- _RECORDED INFORMATION_
Segment Open

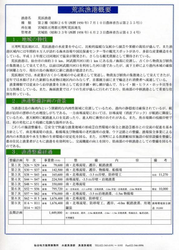 トップページ > まちづくり・地域振興 > 港湾・漁港 > 県内の港湾情報 > 荒浜漁港概要
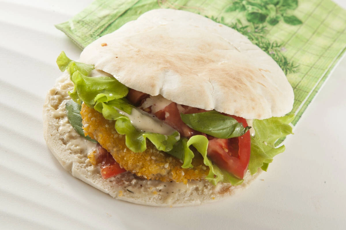 - Намажьте нижнюю половинку соусом, выложите кружок помидора, листья базилика и горячую котлету, сверху полейте соусом, добавьте ещё кружок помидора и листья салата, накройте вторым кусочком питы.
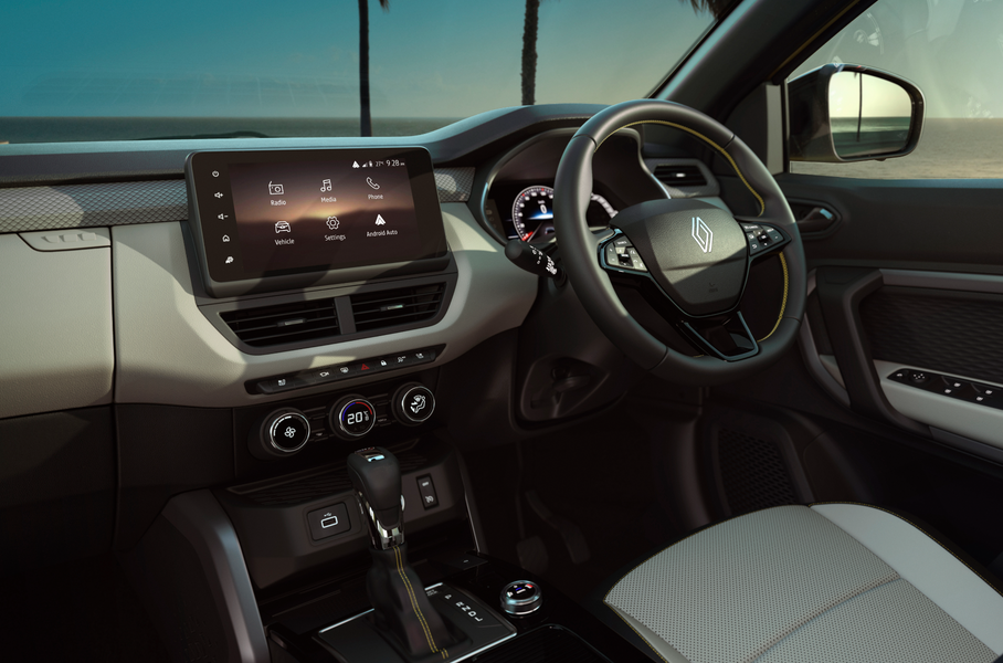 Салон почти такой же, как раньше, если не считать светлую отделку и новую эмблему Renault. По центру установлен прежний восьмидюймовый экран мультимедийной системы, который, правда, недоступен в «базе», как и кнопки на рулевом колесе. Зато самая дешевая комплектация поставляется с шестью подушками безопасности, системой помощи при старте на подъеме и задними парктрониками.

Segment Closed

- _EXERCISE_
What is needed is the full material, retyped unchanged, with no pictures in it.

- _TASK RESULT_
 トップページ > まちづくり・地域振興 > 港湾・漁港 > 県内の港湾情報 > 荒浜漁港概要
 - Намажьте нижнюю половинку соусом, выложите кружок помидора, листья базилика и горячую котлету, сверху полейте соусом, добавьте ещё кружок помидора и листья салата, накройте вторым кусочком питы.
 Салон почти такой же, как раньше, если не считать светлую отделку и новую эмблему Renault. По центру установлен прежний восьмидюймовый экран мультимедийной системы, который, правда, недоступен в «базе», как и кнопки на рулевом колесе. Зато самая дешевая комплектация поставляется с шестью подушками безопасности, системой помощи при старте на подъеме и задними парктрониками.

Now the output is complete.